Argentinien

"Geierfonds" sind Sündenböcke

Demonstranten tun ihre Unterstützung für Präsidentin Kirchner kund.
Demonstranten tun ihre Unterstützung für Präsidentin Kirchner kund. © dpa/picture alliance/David Fernandez
Von Benjamin Hammer · 31.07.2014
Die Wut der Argentinier auf die Investoren sei verständlich, kommentiert Redakteur Benjamin Hammer im Deutschlandradio Kultur. Hedgefonds haben das Land an den Rand der Staatspleite gedrängt.
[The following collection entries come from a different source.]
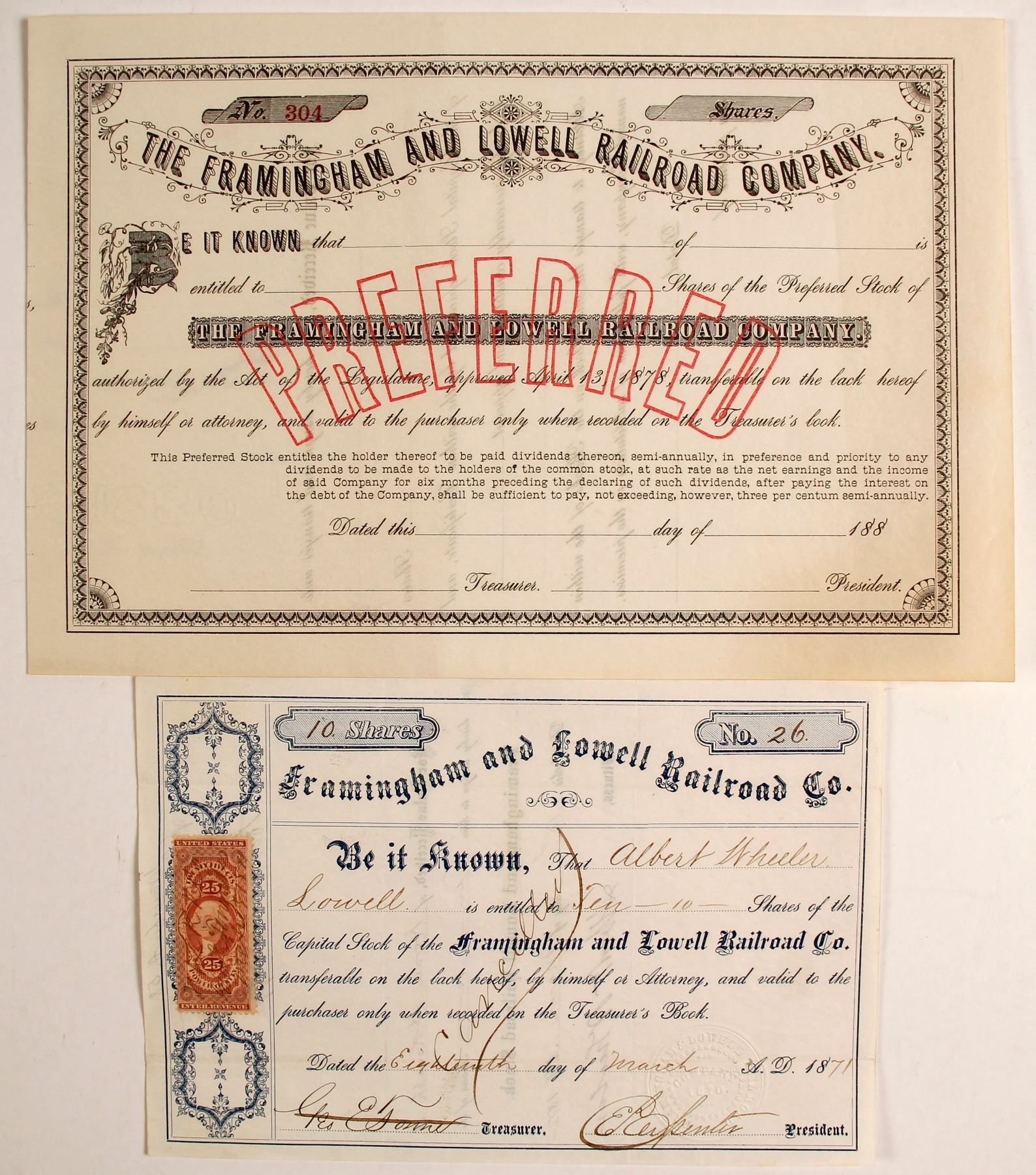 2) Non--Issued shares, number 304 of Preferred Stock. The Framingham and Lowell Railroad was a railroad in Middlesex County, Massachusetts. Incorporated in 1870 to provide a rail connection between railroad hub of Framingham and the mill city of Lowell, passing through the towns of Sudbury, Concord, Acton, Carlisle, Westford and Chelmsford. Opened October 1, 187 on 26.1 mile line.
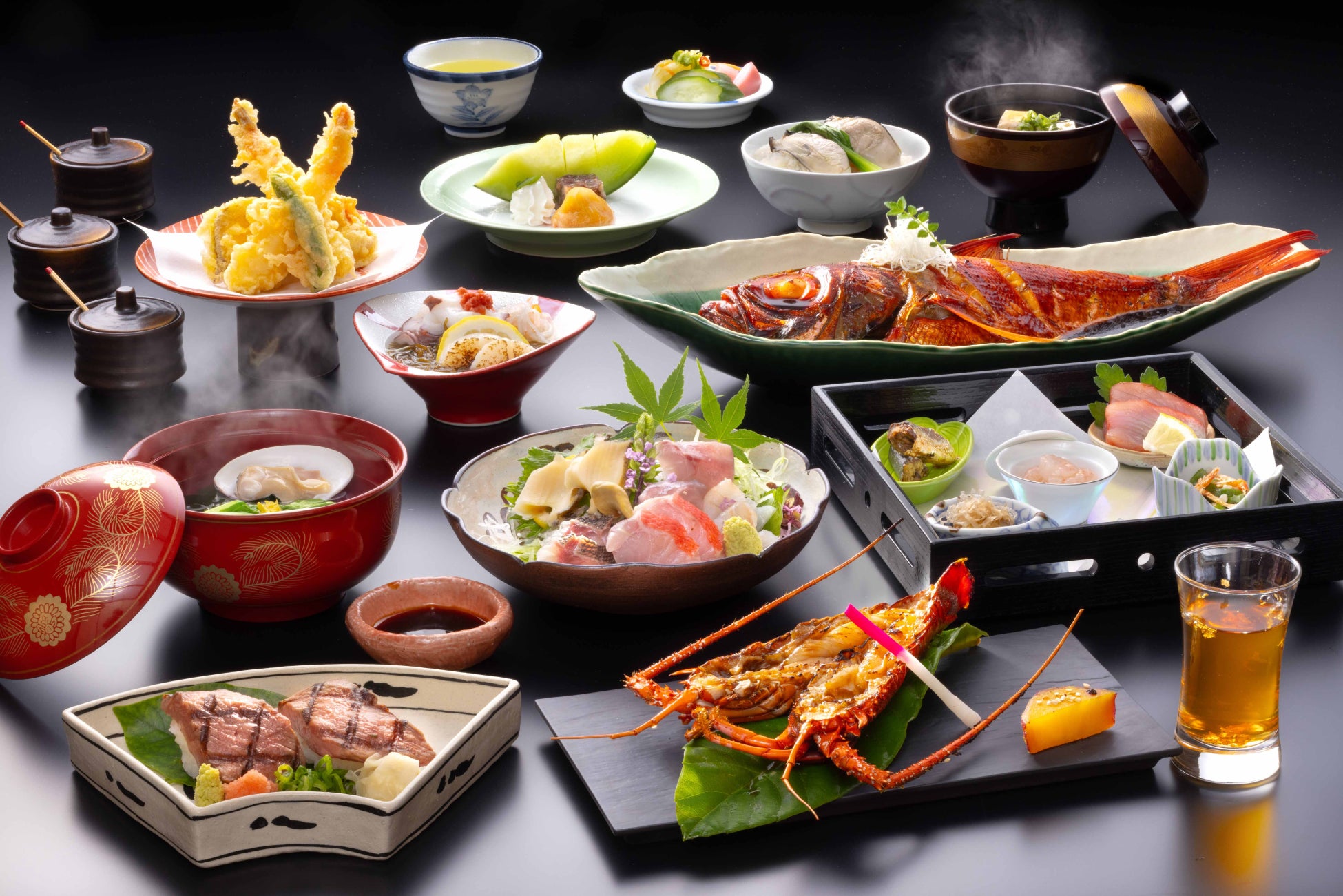 漁獲量日本一の金目鯛、伊勢海老、鮑などの海幸は、お造りや焼物、季節の旬を味わう和会席でお召し上がりください。
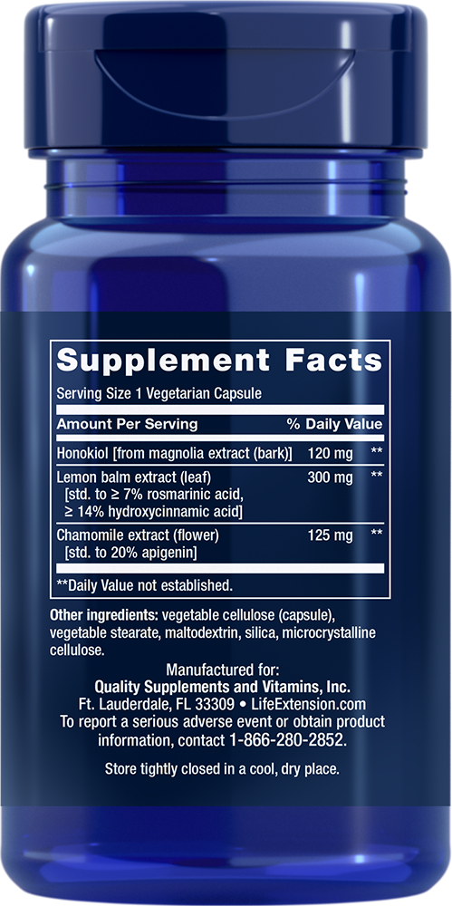 Serving Size 1 vegetarian capsule Honokiol [from magnolia extract (bark)] 120 mg Lemon balm extract (leaf) [std. to >7% rosmarinic acid, >14% hydroxycinnamic acid] 300 mg Chamomile extract (flower) [std. to 20% apigenin] 125 mg Other ingredients: vegetable cellulose (capsule), vegetable stearate, maltodextrin, silica, microcrystalline cellulose. Non-GMO Do not consume alcohol, drive or operate machinery after taking this product.
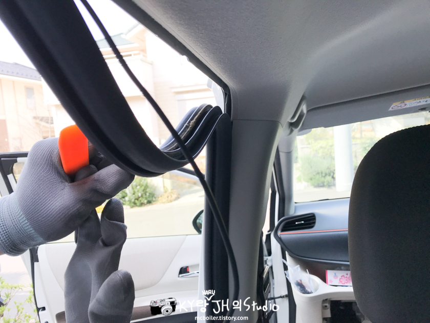 뒤쪽부터 고무 패킹을 전부 분리하고 그 사이로 케이블을 살살 밀어 넣고 패킹을 다시 밀어 넣으면서 조수석으로 향합니다.
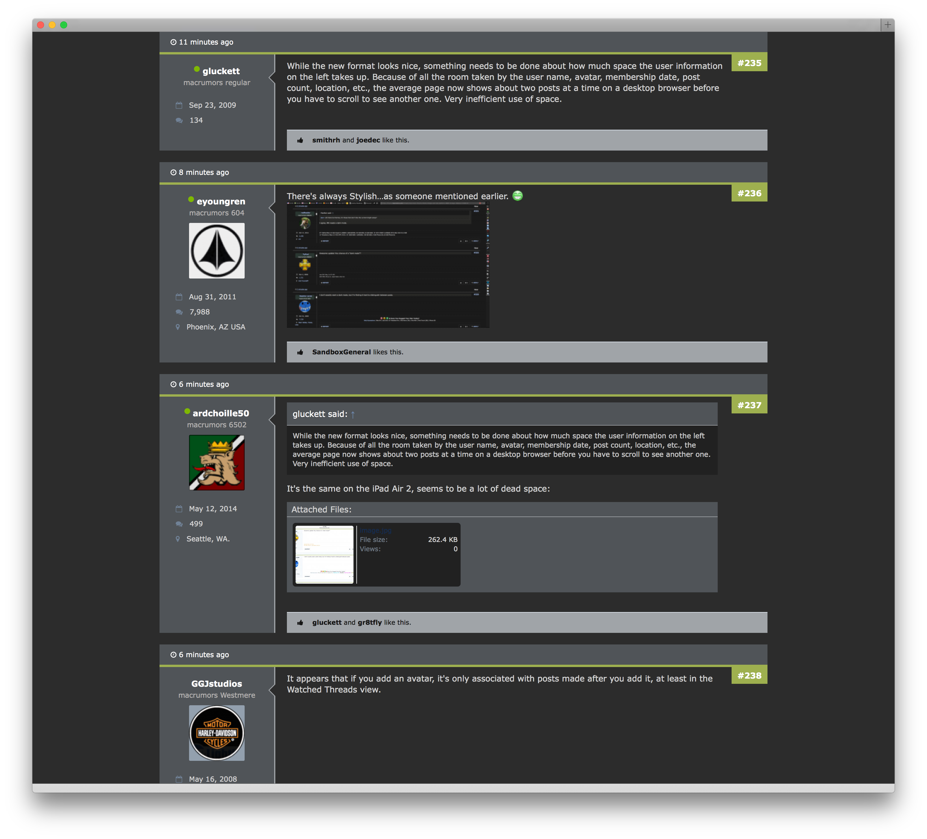 I usually dislike dark themes, but your example is very nice.. I could probably get used to something like that. I wish I knew how to change .CSS on my iOS devices.A little something I've been working onStill a work in progress though.View attachment 557319

Der Fehler liegt im System.
Neulich hat ein Künstler 54.000 Ein-Cent-Münzen in die Innenstadt von Frankfurt gelegt. Mit denen formte er ein Wort: Vertrauen. Dann beobachtete er, was passiert. Nach wenigen Stunden waren die 540 Euro verschwunden. Nun mag der eine oder andere den Raub des schönen Kunstwerks moralisch verwerflich finden und die "Gier im Kapitalismus" anprangern. Der Klau folgte jedoch einer klaren Logik.
Wenn Geld auf der Straße liegt, dann nimmt es sich jemand. Oder anders formuliert: Wenn sich eine Chance zum Geldverdienen ergibt, dann wird sie ergriffen.
So machten es auch die Hedgefonds, die von Argentiniern, den Vereinten Nationen und der Weltbank mit Geiern verglichen werden und Argentinien nun an den Rand einer Staatspleite führen.
Hedgefonds zielen auf die ärmsten Länder
Die Hedgefonds kauften bestehende argentinische Schuldtitel, als diese lächerlich günstig waren. NML Capital zum Beispiel kaufte die Anleihen für 48 Millionen US-Dollar und fordert nun den Ausgabekurs zurück: 832 Millionen. Das wäre mal eben ein Gewinn von 1640 Prozent.
Die Wut der Argentinier auf die Investoren ist verständlich. Die Hedgefonds suchen geradezu nach Ländern in schwierigen Situationen. Eine Tochter von NML hat es gerade auf den Kongo abgesehen, eines der ärmsten Länder der Welt. Doch mit Moral zu argumentieren, ist im Kapitalismus schwierig.
Wenn man so will, dann liegt der Fehler dieser Geschichte nicht bei Argentinien, er liegt auch nicht bei den Hedgefonds, sondern im System.
Denn wie kann es eigentlich sein, dass eine kleine Minderheit von Hedgefonds ein Land in die Nähe der Insolvenz bringt? Zur Erinnerung: Über 90 Prozent der Geldgeber Argentiniens hatten vor Jahren auf einen Großteil ihrer Forderungen verzichtet. Die Hedgefonds hatten sich geweigert. Wenn Argentinien die Forderung der Fonds erfüllt hätte, dann hätten die anderen Gläubiger ebenfalls die volle Summe fordern können. Und das hätte das Land erst Recht in die Pleite geführt.
Globales Insolvenzrecht liegen in den Büro-Schubladen
Sie merken: Es ist kompliziert. Dabei gibt es bereits eine unkomplizierte Regel, die Hedgefonds einen Riegel vorschiebt: Wenn in der Eurozone eine neue Staatsanleihe ausgegeben wird, dann enthält sie meist eine Spezialklausel. Falls eine Mehrheit der Geldgeber auf einen Teil der Forderungen verzichtet, dann müssen die anderen mitziehen. Also auch die so genannten Geier-Fonds. Diese Regel sollte in Zukunft für alle Staatsanleihen gelten.
Gefragt sind außerdem die internationalen Institutionen. Die Ideen für ein globales Insolvenzrecht für Staaten liegen seit 13 Jahren in den Büro-Schubladen des Internationalen Währungsfonds.
Ob 540 Euro auf der Straße oder Staatsanleihen von klammen Staaten: Wenn Geld da ist, werden Menschen danach greifen. Wer sich daran empört, sollte dafür eintreten, die entsprechenden Schlupflöcher zu schließen.